= Höfðaletur =

Höfðaletur (/is/; "head letters") is an unusual Icelandic style of lettering used in carving that has recently been adapted for use in printing. The letters do not have a fixed form.

== History ==

Bed-panel with verse in Höfðaletur lettering; National Museum of Iceland

The oldest known examples of Höfðaletur are thought to be 16th century, and the style is considered to have been modeled on Gothic textura.

The letters do not have a fixed form, but the verticals all have a "head" that is decorated with carving, usually simple and sloping but sometimes double. There are many conjectures about the derivation of the name höfðaletur, but no definite evidence exists.
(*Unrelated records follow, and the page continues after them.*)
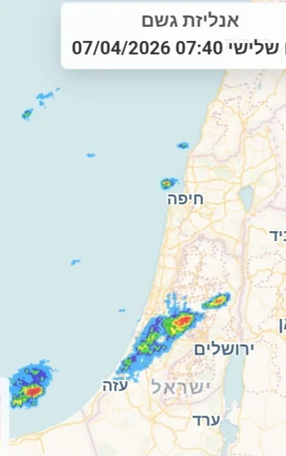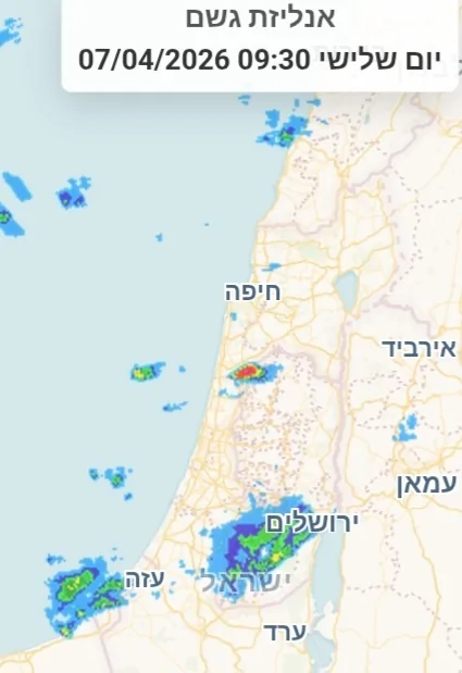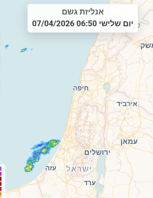 - קו חזית מפותחת עם סופת רעמים וגשם באשדוד. שמשון
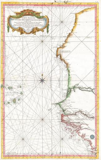 | Keywords: 1865 Bellin Sea Chart of Western Africa ( Senegal, Gambia, Guinea, etc.) - Geographicus - WestAfrica2-bellin-1765.jpg This large nautical chart of Western African was produced by the French Cartographer Jacques-Nicolas Bellin Depicts Western Africa from The Canary Islands South through Western Sahara Senegal Guinea-Bissau the Gambia Guinea and Sierra Leone This is primarily a costal chart with depth soundings and navigational marks but does show the river courses and considerable interior details in the Cape Verde Islands The remainder of the interior remains largely unmapped There is a large decorative title cartouche in the upper left as well as a Depot del la Marine stamp in the lower right All in all an extraordinary sea chart of Africa ™s northwest coast 1865 Size in 35 22 object history credit line accession number WestAfrica2-bellin-1765 Geographicus-source PD-old-100 Maps by Jacques-Nicolas Bellin Old maps of Africa Old maps of the Atlantic Ocean 1865 maps |
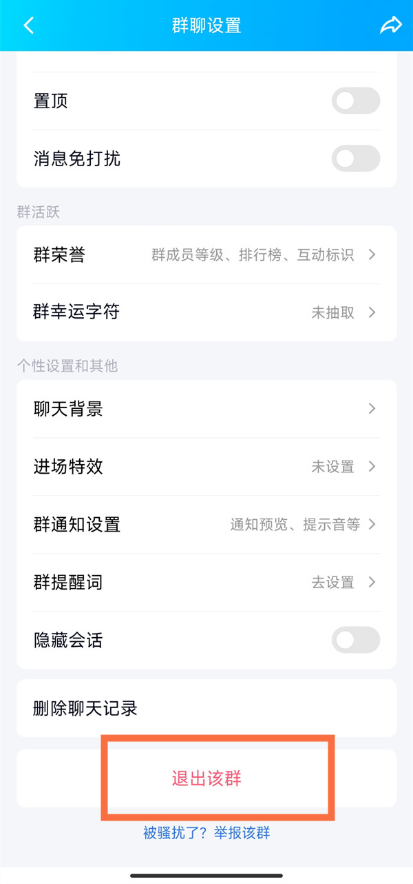2、向上滑动到最底部,点击【退出群聊】即可。
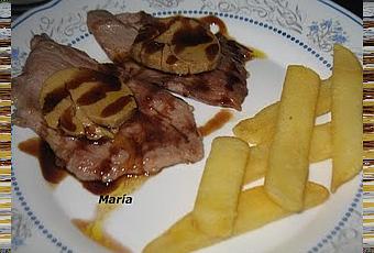 -Ponemos los medallones de fua y les damos vuelta y vuelta y colocamos sobre los filetes-Emplatamos y servimos con sal de maldon y patatas fritas.
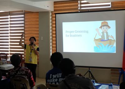 Mr. Arnulfo A. Gutierrez highlights the importance of personal grooming and includes practical activities to help boatmen present themselves professionally. On the other hand, Ms. Merjulyn P. Atiga discussed the proper attire at work, and participants learned about appropriate work attire, emphasizing the significance of dressing suitably to enhance their professional image.
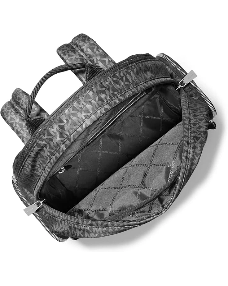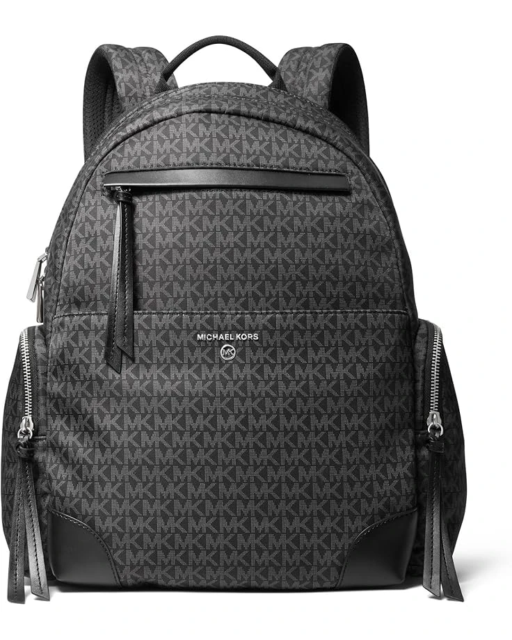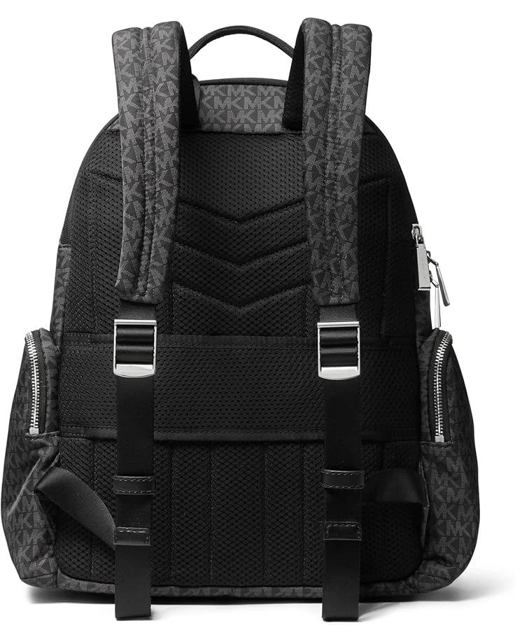 - Travel with style by carrying the MICHAEL Michael Kors(R0 Prescott Large Backpack. From work to vacation trips, this stylish backpack offers you enough storage space for all your stuff. Featuring brand logo print all over, this carry-on bag will grab everyone’s attention wherever you go. The contrast leather trim and updated logo charm offer added style while the mesh back keeps you cool and comfortable. With its adjustable shoulder straps, this nylon bag is comfortable to carry around.
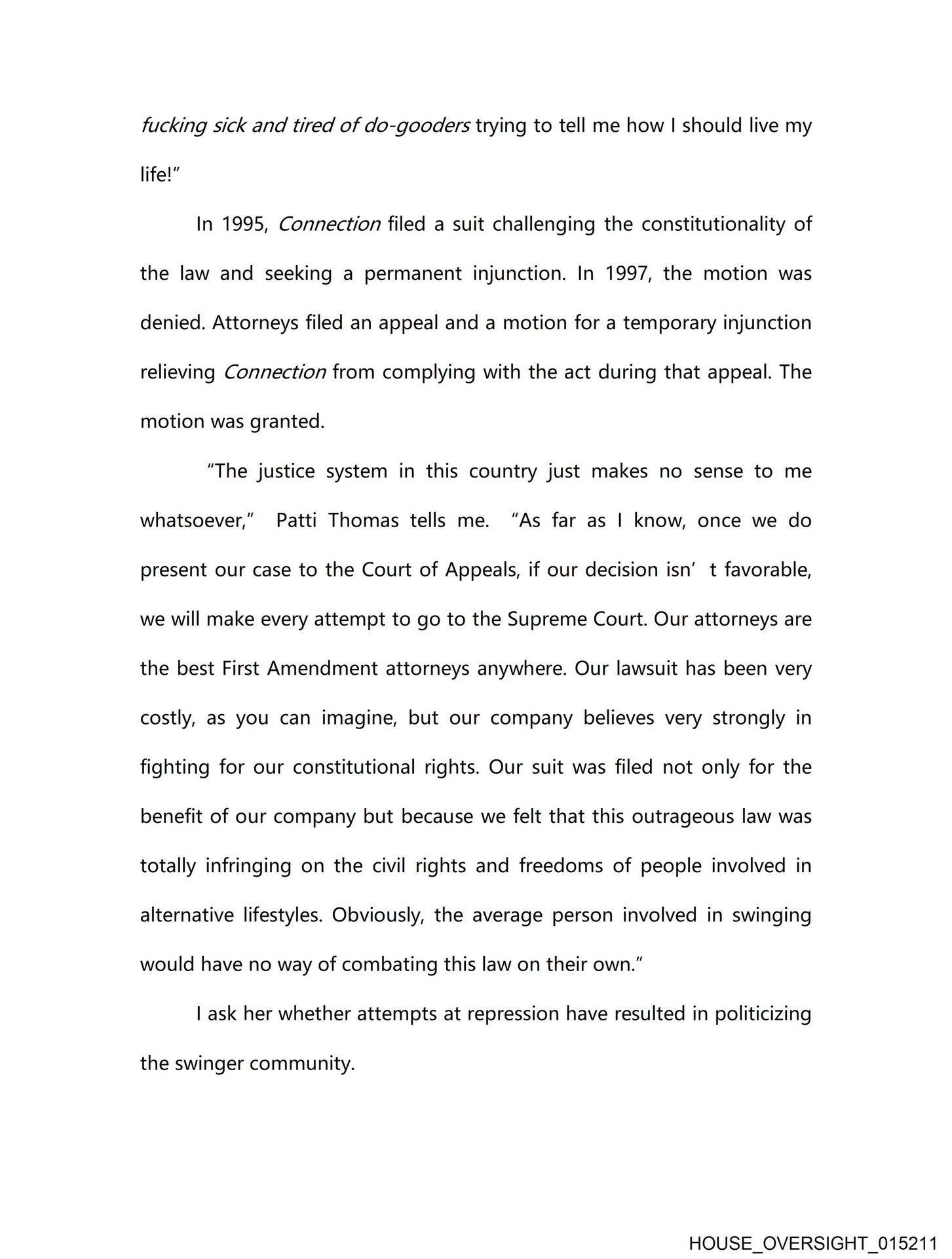 - HOUSE_OVERSIGHT_015142… while | was watching television—Larry King Live—and, once again, Paula Jones was the guest. At one point she said, “l’ ve …
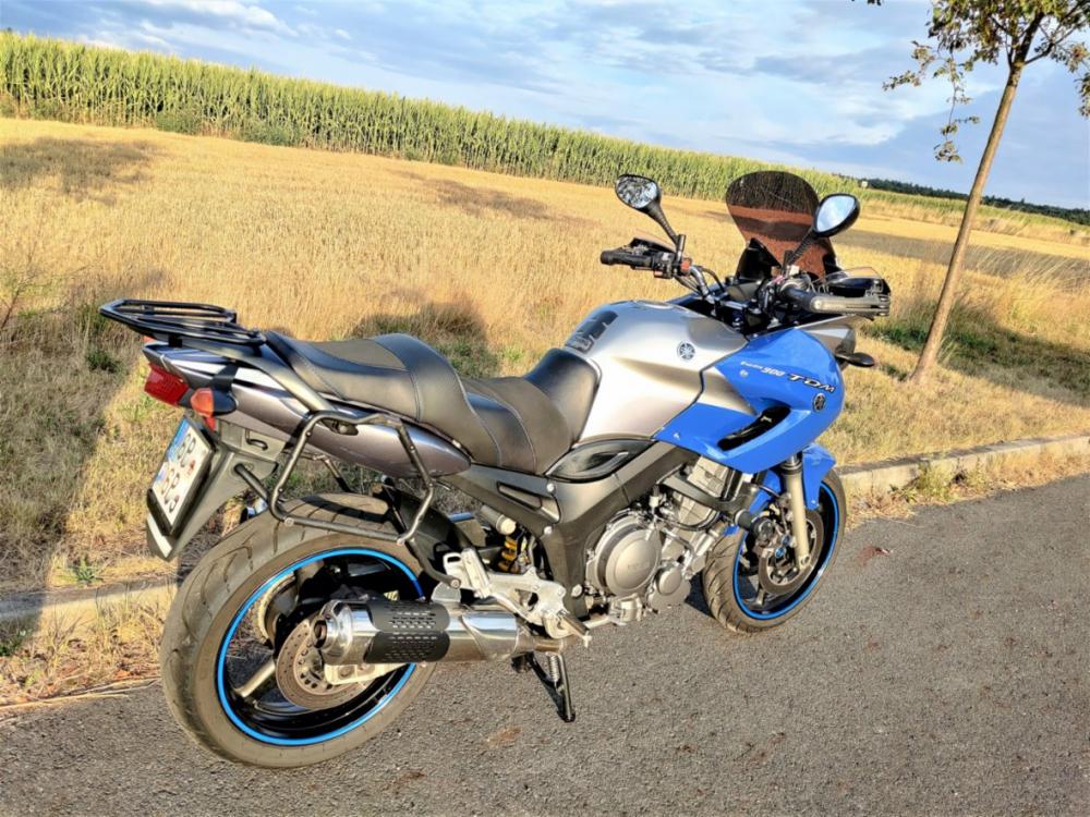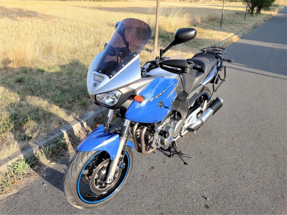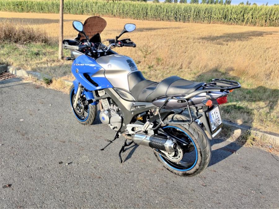 Yamaha TDM 900 s ABS, r.v.2005, 63,4kW, top stav, modro-stříbrná met. 56 000 km. Ukazatel zařaz. rychlosti, sedlo na zakázku s gelovou vložkou, centrální i boční stojan, držáky bočních kufrů, zásuvka 12V, vyšší plexi (+ originál), padáky, kryty rukou s blinkry. Řetězová sada 70%, přední pneu 80%, zadní pneu nová 100%, nově vyměněný olej. Přední rozeta je o jeden zub menší pro lepší akceleraci (+ originál). České doklady, pravidelný servis - servisní kniha. Spolehlivá, rovnou jezdit. 79.000 Kč.
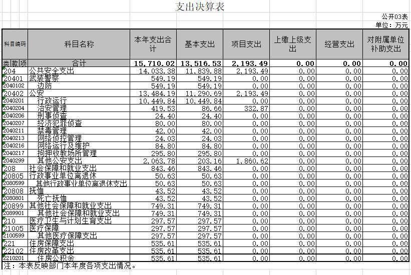公共安全(類)公安(款)行政運(yùn)行(項(xiàng))。主要反映用于維持社會治安,打擊犯罪等支出。年初預(yù)算為9483萬元,支出決算為9228.75萬元,完成年初預(yù)算的97.32%。決算數(shù)與年初預(yù)算基本持平。
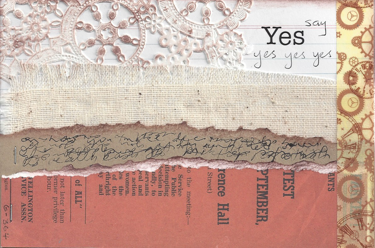 Linen scrap, paper scraps, old postcard. Tim Holtz tiny attacher, paper doily, fine black pen, washi tape, Memento chalk ink, Rub-ons,

Older examples of Höfðaletur are carved on wood and are always deeply incised so that the letters are in relief. Modern examples may also be found on metal objects, such as wedding rings. According to Brynjúlfur Jónsson, Höfðaletur replaced the quite different Spónaletur ("spoon-letters") on spoons and other silver objects in the late nineteenth century.

==Modern uses==
Some Icelandic font developers have experimented with Höfðaletur, including Gunnlaug Briem, Hörður Lárusson, Sigurður Orri Þórhannesson and Sól Hrafnsdóttir. The lettering features on the coat of arms of Akranes

The National Museum of Iceland uses höfðaletur as part of their visual identity.